It often seems like teenagers are powered mainly by social media, so it only makes sense that a group of high school students would build a car that really was. This 1967 Volkswagen Karmann Ghia, converted to an electric car by at-risk students from five Kansas City high schools, will turn Twitter mentions and Facebook likes into wattage to complete a 1,000-mile trip to Washington, D.C.
The students are attending a run by nonprofit Minddrive, which admits 30 students per year who are “slipping through the cracks of the ‘traditional’ educational system.” The students work with engineers and mentors to convert old vehicles to run on electricity.

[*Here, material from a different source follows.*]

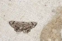 The wings are dark grey with black marks. The fasciae in the forewing are angular, whereas submarginal mark is narrow. In the hindwings, a band interior to the postmedial, dorsal to its angle is marked with black. A pale region is exterior to it.[4]

The tweets-to-watts thing is a gimmick, not a feasible technology — we are at no point going to be driving around in vehicles that run on Klout. Here’s how it works, according to the Chicago Tribune:
This educational trip is all about connecting: students connect what they learned in the lab to what they see in the real world, and they must connect with other students and people along the way or they don’t move on to the capital. The “social fuel” needed to complete the trip has been assessed at 71,040 watts. An Arduino computer connects the drive train to the cloud and registers in live time the wattage of a Twitter follow, for instance, with a value of 5 watts. A Facebook like is worth only 1 watt.
It makes a kind of sense, though — social media requires electricity, electric cars require electricity, and changing the way we use transportation requires cooperation and communication. We’re willing to buy it. Or at least, we’re willing to tweet at these kids so they don’t get stranded somewhere in Kentucky.